> **Required work**
Copy out the lines beginning with the one that contains "五月 5/1 勞動節較特殊就一樣排兩地, 所以都正常排" and ending with the last line below, exactly as they stand. Pictures are not copied.

--

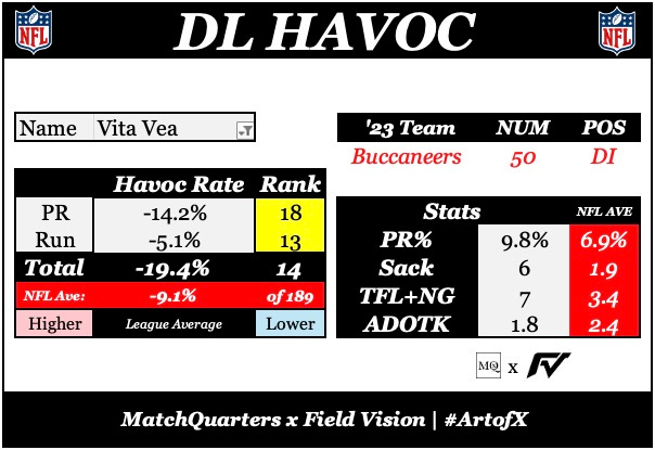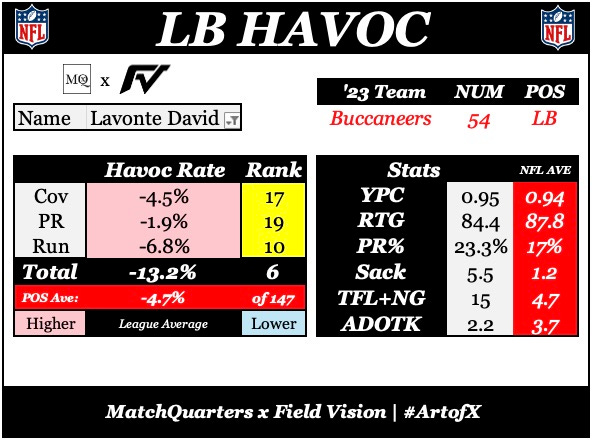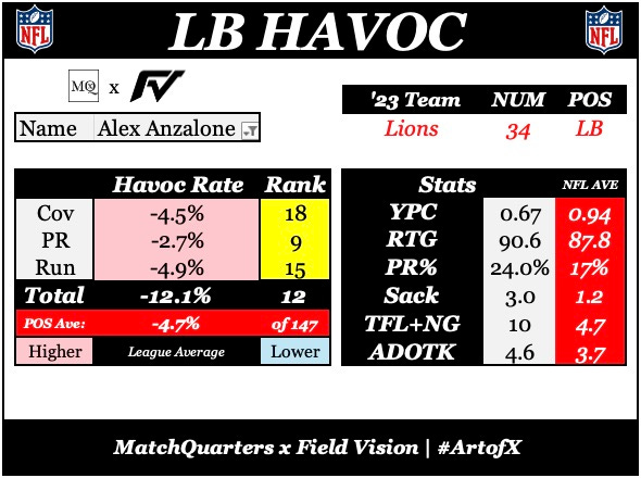 What is HAVOC? I wanted to create a metric that better understood how defenders play within their scheme. For the D-line and LBs, it is pretty straightforward. Can you fit the run and create a pass rush? For LBs and some Edges, coverages have also been added.
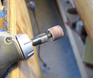 | To the right is the 1/8" downcut spiral bit I am using with the Dremel, to rout out the soundport. |
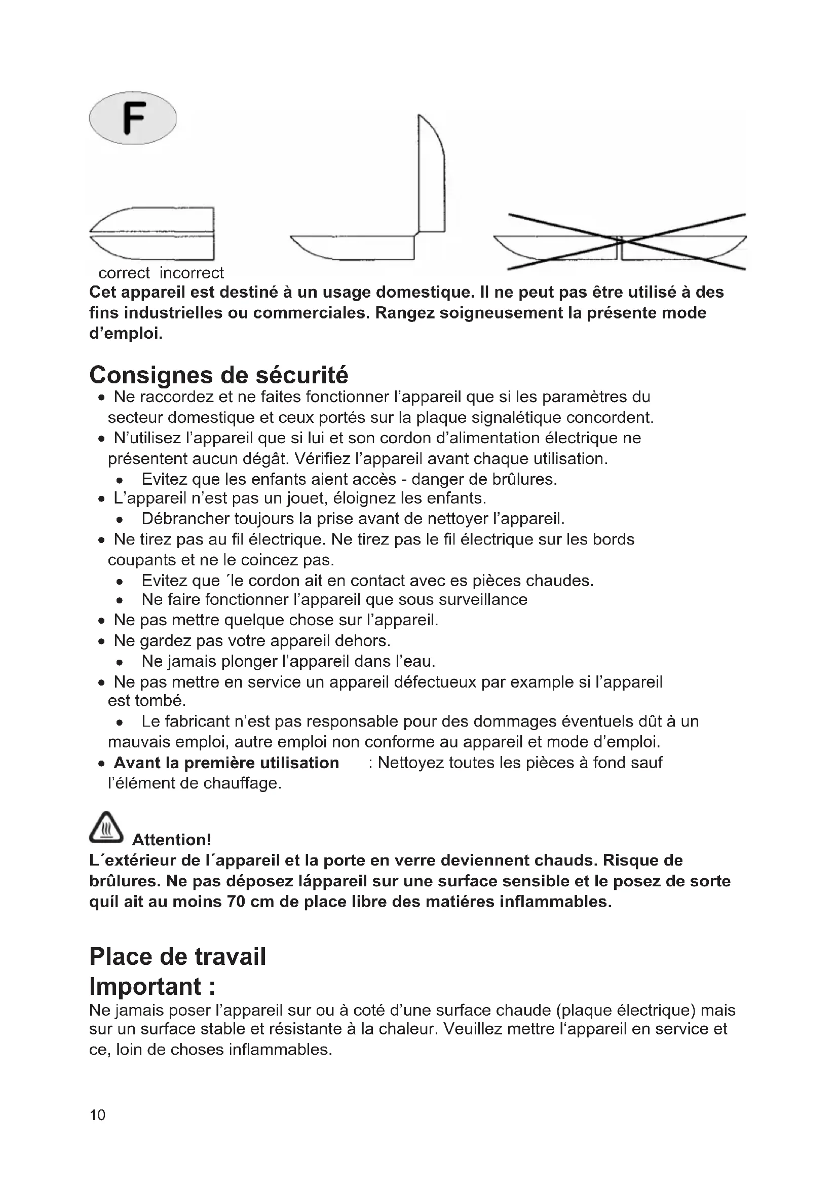 - Avant la première utilisation : Nettoyez toutes les pièces à fond sauf l’élément de chauffage. Attention! L´extérieur de l´appareil et la porte en verre deviennent chauds. Risque de brûlures. Ne pas déposez láppareil sur une surface sensible et le posez de sorte quíl ait au moins 70 cm de place libre des matiéres inflammables. Place de travail Important : Ne jamais poser l’appareil sur ou à coté d’une surface chaude (plaque électrique) mais sur un surface stable et résistante à la chaleur. Veuillez mettre l‘appareil en service et ce, loin de choses inflammables.11 Avant la première utilisation Graissez légèrement les plaques du grill. Préchauffez ensuite l’appareil avec les plaques fermées pendant 10 minutes sur température maximale. Passez avec un chiffon humide sur les plaques. N’utilisez pas des détergents agressifs car ceux-ci pourraient endommager la surface anti-adhésive. Préparation de plats
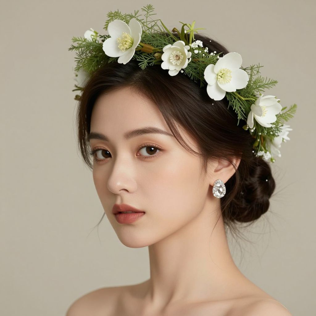 A woman adorned with an elegant Art Nouveau-style flower crown featuring delicate white blooms and green foliage, complemented by a chic updo and sparkling earrings, exudes timeless beauty against a soft, neutral backdrop.
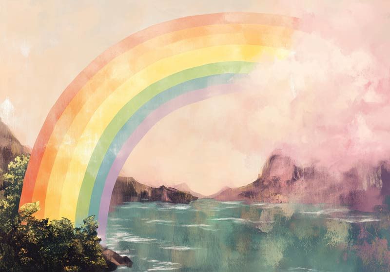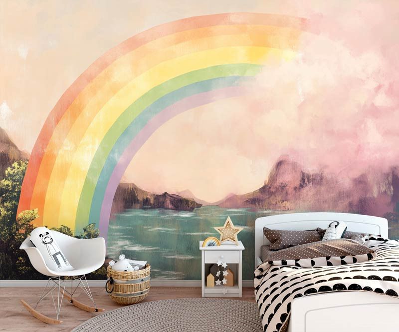Breng een vleugje magie en kleur in de kinderkamer met dit dromerige fotobehang. Het ontwerp toont een grote, schilderachtige regenboog die zich uitstrekt over een zacht waterlandschap en bergen, met pastelroze wolken die een warme en fantasierijke sfeer creëren. De subtiele penseelstreken geven het behang een artistieke en speelse uitstraling die perfect past in kinderkamers en creatieve ruimtes.
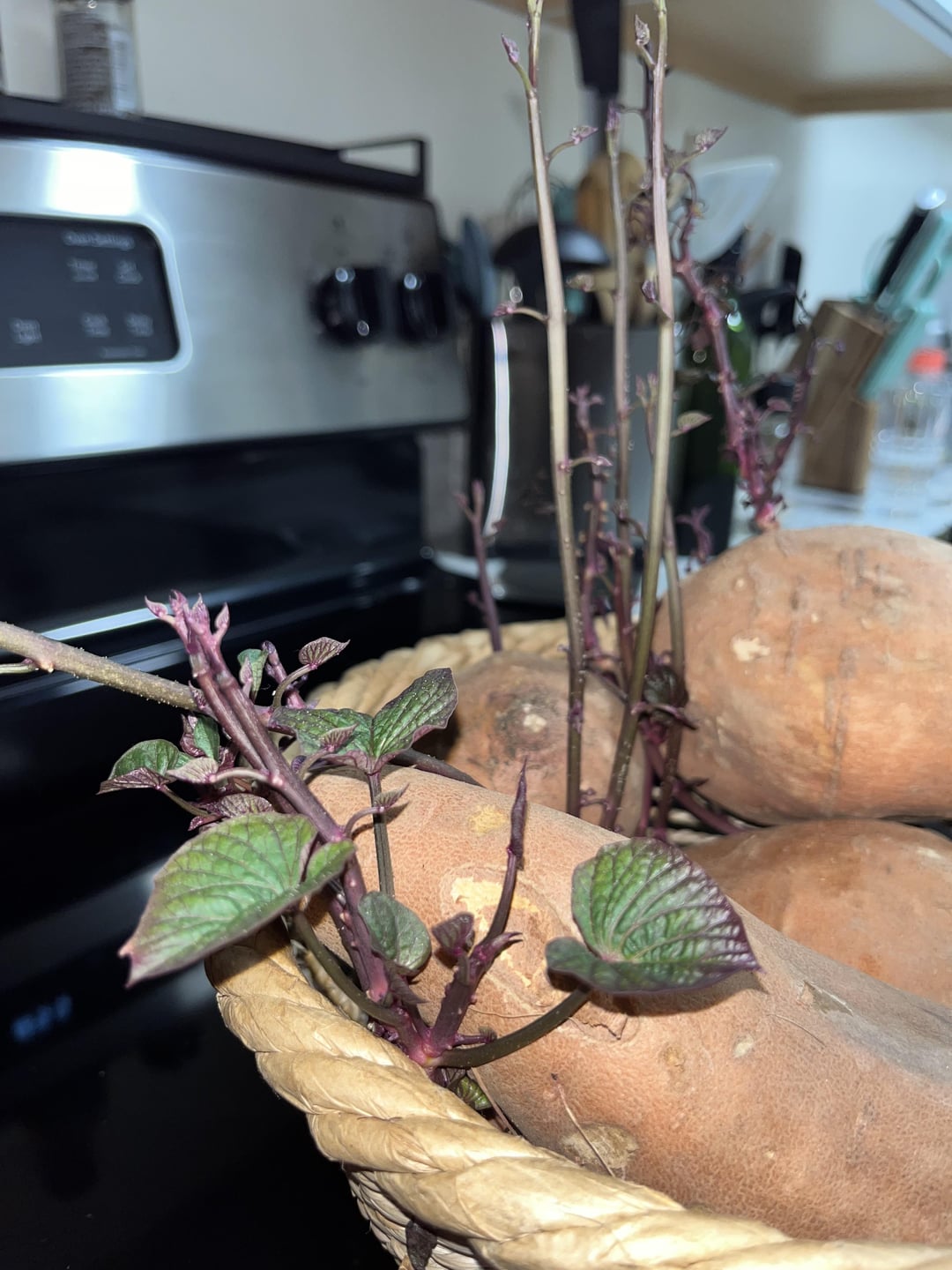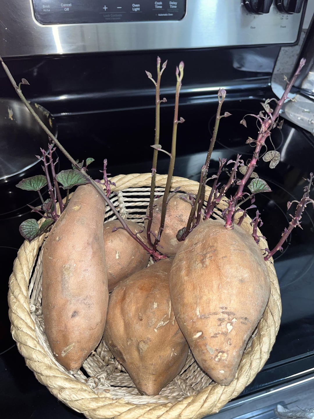 So I was out of the country for about a month. I came back and I saw my Sweet Potatoes had something growing out of it! Decided to let it grow, this is what they look like about 3-4 months later! 😅
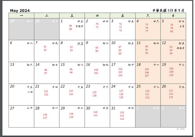 五月 5/1 勞動節較特殊就一樣排兩地, 所以都正常排
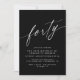 Simple-but-elegant 40th birthday invitations with heading "forty" text in a script font. White font on a contrasting black background.
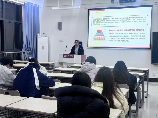 主题团课筑防线,明辨是非守初心。各团支部以主题团课为依托,将理想信念教育与抵御和防范宗教向校园渗透等内容深度融合,通过案例剖析、政策解读、互动研讨等形式筑牢思想根基。马克思主义学院2024级思想政治教育1班团支部开展 “筑牢思想防线,抵御宗教渗透”主题团课,以短视频《校园里的“温柔陷阱”》导入,剖析校园传教的隐蔽手段与本质危害,解读相关法律法规,组织团员研讨校园传教防范技巧并发起签名倡议,强化行动自觉。艺术与教育学院2025级学前教育1班、2 班团支部联合开设特色团课,组织团员围绕“幼教工作者如何坚守科学信仰、践行育人初心”展开分组研讨,并同步设置“信仰展示墙”,鼓励团员青年亮明信仰、张贴宣言。系列团课帮助广大团员青年进一步筑牢了抵御错误思潮和非法活动的思想防线,大家纷纷表示将自觉抵制各类非法传教行为,坚决维护校园意识形态安全。
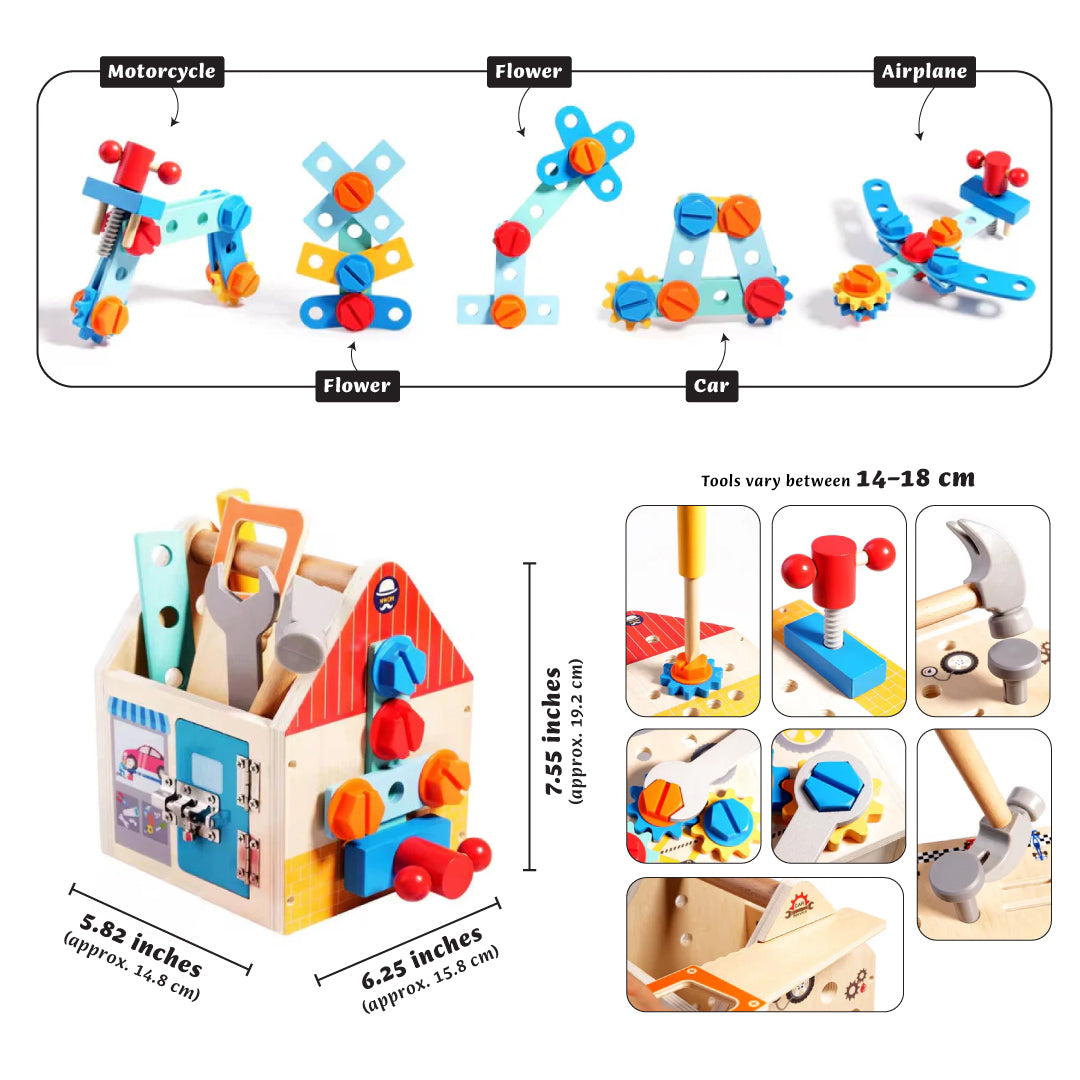 Perfect for toddlers and young children, this multifunctional tool house includes 33 colorful accessories—from nuts and bolts to gears, wooden tools, building boards, and a locking door—giving children endless opportunities to explore, build, create, and imagine.
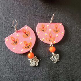 Exclusive Lightweight Madhubani Earrings Semicircle Pink
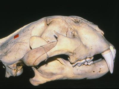 一块哺乳动物头骨化石,牙齿窝里的沉积物,原来是史前蜜蜂筑的巢穴。图片来源:拉萨...

--

> **Exercise response**
 五月 5/1 勞動節較特殊就一樣排兩地, 所以都正常排
 Simple-but-elegant 40th birthday invitations with heading "forty" text in a script font. White font on a contrasting black background.
 主题团课筑防线,明辨是非守初心。各团支部以主题团课为依托,将理想信念教育与抵御和防范宗教向校园渗透等内容深度融合,通过案例剖析、政策解读、互动研讨等形式筑牢思想根基。马克思主义学院2024级思想政治教育1班团支部开展 “筑牢思想防线,抵御宗教渗透”主题团课,以短视频《校园里的“温柔陷阱”》导入,剖析校园传教的隐蔽手段与本质危害,解读相关法律法规,组织团员研讨校园传教防范技巧并发起签名倡议,强化行动自觉。艺术与教育学院2025级学前教育1班、2 班团支部联合开设特色团课,组织团员围绕“幼教工作者如何坚守科学信仰、践行育人初心”展开分组研讨,并同步设置“信仰展示墙”,鼓励团员青年亮明信仰、张贴宣言。系列团课帮助广大团员青年进一步筑牢了抵御错误思潮和非法活动的思想防线,大家纷纷表示将自觉抵制各类非法传教行为,坚决维护校园意识形态安全。
 Perfect for toddlers and young children, this multifunctional tool house includes 33 colorful accessories—from nuts and bolts to gears, wooden tools, building boards, and a locking door—giving children endless opportunities to explore, build, create, and imagine.
 Exclusive Lightweight Madhubani Earrings Semicircle Pink
 一块哺乳动物头骨化石,牙齿窝里的沉积物,原来是史前蜜蜂筑的巢穴。图片来源:拉萨...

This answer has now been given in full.